Michèle Sebag — TAO stood for “Thèmes, apprentissage et optimisation” (Topics, learning and optimization). At the time, learning and optimization made an original combination. Nowadays, they clearly go hand in hand. That meant we could get a multidisciplinary team together and we had a lot of fun. For example, we worked on the game Go, so it felt as if we spent our whole time playing! In 2016, following the authorised 12-year existence granted to the Inria project teams, TAO became TAU (TAckling the Underspecified, the aim being to highlight the absence of specification and the lack of awareness of what could go wrong in the field of AI.

What is your project team working on now?

Marc Schoenauer — Learning remains our core business, understanding learning algorithms and enhancing them, in terms of energy consumption, for example. (This is known as frugal learning). But we are also convinced that we have to widen our scope of expertise in order to enhance creativity and face up to the competition, even without the same material resources. Since the team was created in 2003, it has seen a wide variety of researchers. Today, for example, it has a core of three researchers in statistical physics, as we thought their expertise could be very useful to AI since they’re used to handling large volumes of data. We’ve also had researchers in “pure” mathematics, bioinformatics and even sociology. At the time, it was quite unusual to see such a diversity of expertise in a computer science team. Times have changed and we now welcome all fields of expertise. 

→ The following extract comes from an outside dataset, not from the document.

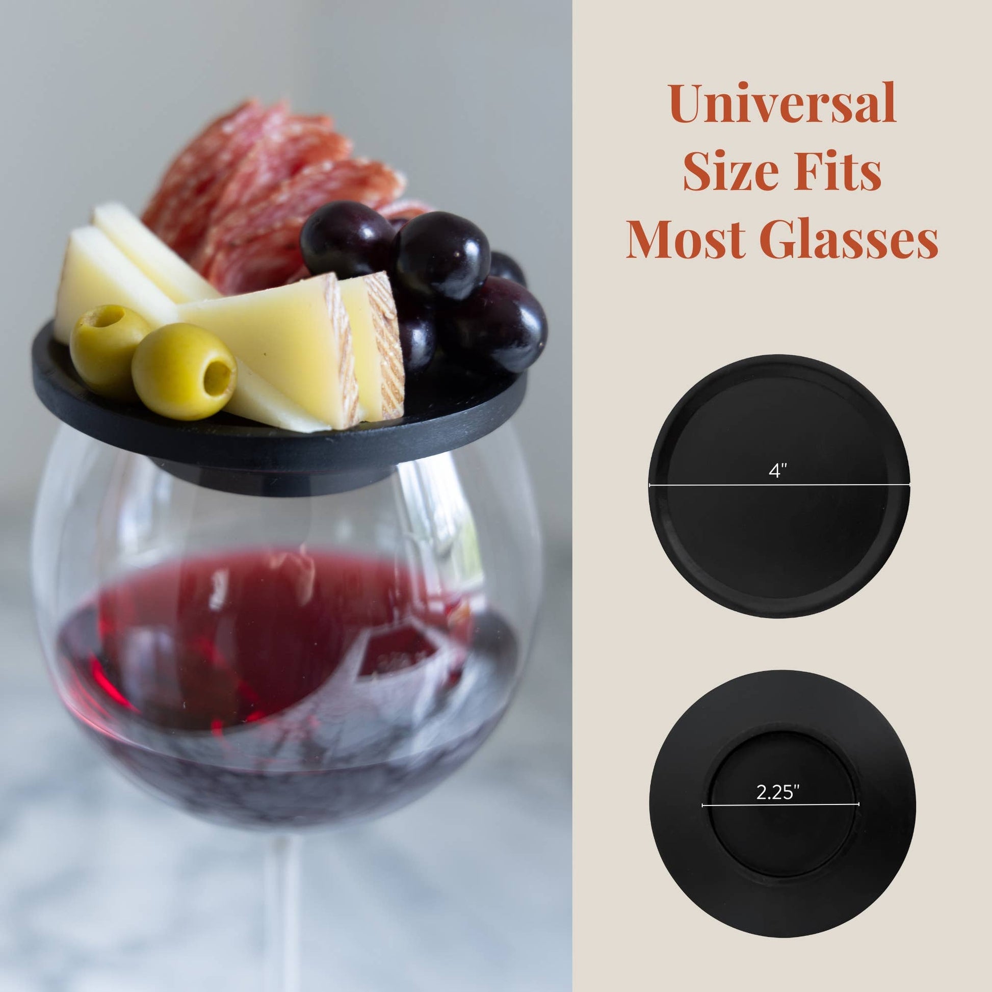 Transform the way you entertain with our Charcuterie Wine Glass Toppers, inspired by the viral social media trend. - Set of 4 - Crafted from premium wood - Finished with a chic, black, non-toxic sealant - Stain-resistant and easy to clean Made with a universal size to fit a variety of wine glasses, they’re perfect for holding charcuterie bites while keeping your hands free to mingle. Designed to complement our signature charcuterie gift sets, these wine glass appetizer plates make a delightful and practical addition for entertaining or as a gift.

Michèle Sebag — Among the team’s fundamentals is the fact that, considering the scale of AI uses in day-to-day life, 

It is very important that algorithms do not become black boxes. In other words, we must create models that do not merely make suggestions, but also explain the reasons behind their recommendations. This means the reasoning has to be determined — which brings us back to the question of bias and the need to identify and correct it. 

Another important aspect is the necessity to create causal models that are not based solely on correlations. Between the use of an umbrella and the fact that it’s raining, for example, a correlation can be established but not a causality; if everybody uses an umbrella, that won’t make it rain. This is a vital point because people think that AI and machine learning will allow us to predict, and therefore control, what will happen. But influencing reality goes beyond the usual remit of machine learning; such intervention requires causal models which are more powerful and considerably more difficult to build.

Finally, there’s the whole field of AI for the common good. Some of our colleagues work with the Environmental Ecology Laboratory; there’s farmland in Saclay where certain farmers use pesticides to eliminate parasitic insects and hence increase their yield. Unfortunately, those pesticides also destroy pollinating insects and therefore reduce the rate of pollination. We need to be able to qualify and quantify, with the help of AI, the service rendered to farmers by pollen-gathering insects.

Marc Schoenauer — Another interesting research orientation is the coupling of AI and digital simulation. The aim is to create calculation methods based on actual data rather than mathematical models, in order to speed up simulations and even incorporate phenomena that equations cannot accommodate. Indeed, with the support of Inria Startup Studio, three of our former PhD researchers are now launching a startup – AUGUR – devoted to this topic!

What can we wish you for the future?

Together, we intend to continue doing research, not just for the benefit of science, society and the environment, but also because we enjoy it. I’d like to point out that a key factor in efficient research is the atmosphere that reigns within the team. As long as it’s fun, everything goes well!

In that case, we wish you lots of fun!